Analysts advising caution as equity markets close at fresh high

Sensex BSE Sensex closed at 35,260.29, up 178 points | Reuters

It was another bull run on Thursday, as strong buying in bank stocks drove equity markets to a fresh high. The BSE Sensex jumped more than 425 points intra-day to a new peak of 35,507.36, before some profit-booking set in and the benchmark index finally closed at 35,260.29, up 178 points or 0.5 per cent. The NSE Nifty 50 also jumped to a new high of 10,887.50, before closing at 10,817.00, up 28 points or 0.3 per cent. 

Analysts are now calling for caution in the near-term and say investors must be extremely focused on individual stocks and not the broader markets. 

Over the past one year, barring a few minor correction, the markets have been largely surging ahead. The Sensex closed above 34,000 levels on December 26; it has topped 35,000 in just 16 trading sessions. 

There have been two major drivers for the markets in the past two days. While on Wednesday investors heaved a sigh of relief after the government cut its additional borrowing target from Rs 50,000 crore to Rs 20,000 crore, on Thursday, reports that the government was mulling increasing foreign investment in banks, boosted sentiments in that sector.

Furthermore, markets overseas have also been strong, which is also aiding market mood. 

The government had earlier planned to additionally borrow Rs 50,000 crore for the year-ending March 2018, which had raised concerns, whether the government would be able to maintain its fiscal deficit target of 3.2 per cent of GDP. So, the decision to cut the additional borrowing was welcomed by the street. 

A media report on Thursday suggested the union government was in discussions to raise foreign investment limits in private-sector lenders to 100 per cent from 74 per cent. 

This drove banking stocks higher; HDFC Bank rose 2.2 per cent, Kotak Mahindra Bank, IndusInd Bank were up over 1 per cent and ICICI Bank also gained about 1 per cent.

While analysts still opine that in the medium-to-long term, Indian markets will deliver good returns, one must be cautious following the rally over the last few days.

“It is fair to be cautious in the near-term, especially over the next few weeks.

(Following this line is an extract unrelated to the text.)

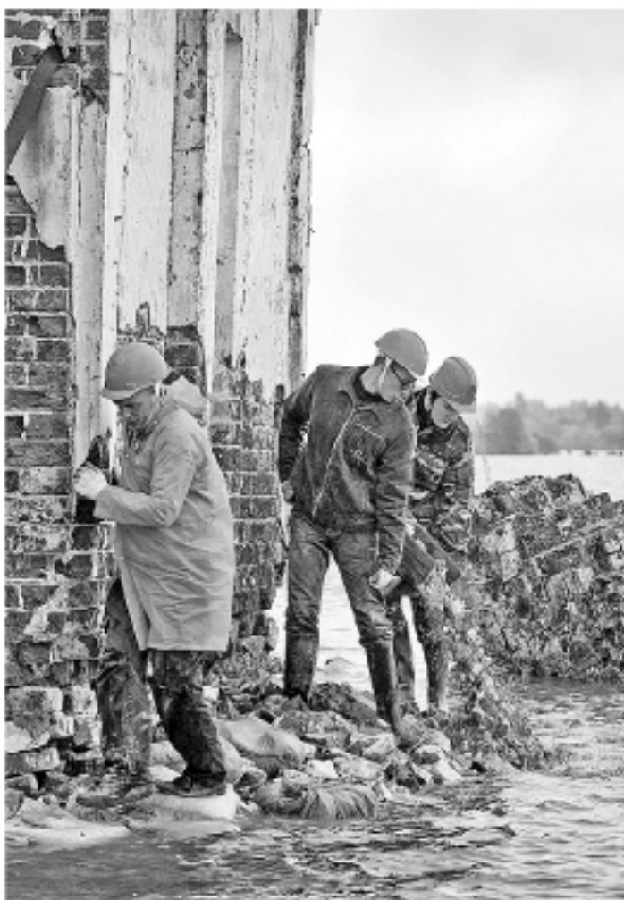
Каждый из нас может помочь волонтерам, восстанавливающим церковь в Крохино.

В уходящем 2011 году исполнилось 70 лет с момента завершения строительства каскада Верхневолжских ГЭС. В ходе грандиозных гидротехнических работ, раскинувшихся более чем на 500-километровом участке великой русской реки, были созданы новейшие по тем временам генерирующие мощности, которые обеспечили электроэнергией предприятия Центральной России, работающие на основную задачу осени 1941 года - оборону Москвы. Это стало возможным благодаря неимоверным усилиям многих тысяч заключенных, вольнонаемных, простых советских людей. В ходе работ было затоплено около 700 сел и деревень, десятки древних городов, среди которых город Молога, ставший символом Русской Атлантиды. Одновременно в обширную зону затопления вошли и береговые территории прилегающей реки Шексны, а подтопление ее истоков в районе села Крохино, близ древнего града Белоозера, сделало эту реку пригодной для крупнотоннажного паромства в водной системе, соединившей

For the full year, you can still expect moderate returns but one would have to be very stock specific while investing,” Vinod Nair, head of research at Geojit Financial Services, told THE WEEK.

The strong run-up in the markets over the last twelve-months, reflects investors' “robust” faith in corporate earnings recovery over the next two years, said Dhiraj Relli, MD and CEO of HDFC Securities. 

More companies surprised on the upside in the second quarter earnings, and analysts are expecting the pickup to continue in the third quarter as well, which will also be on a low-base, because the earnings in the October-December quarter of 2016 were impacted by demonetisation.

HDFC Securities expects Nifty 50 index companies to report a 15-20 per cent growth over the next two years, versus a compounded annual growth of just 4 per cent over the last five years. 

But, it too has a word of caution at current levels.

“When markets are hovering at all-time high levels, investors should chase quality, which can be in large-caps as well as mid-caps, rather than just looking at the market cap. Right now, we won't advise customers to go with high risk stocks, but go with established companies, which will make more sense. They may miss out on some upside, but the downside is protected,” said Relli. 

The brokerage is expecting returns in the high-teens from equity markets this year.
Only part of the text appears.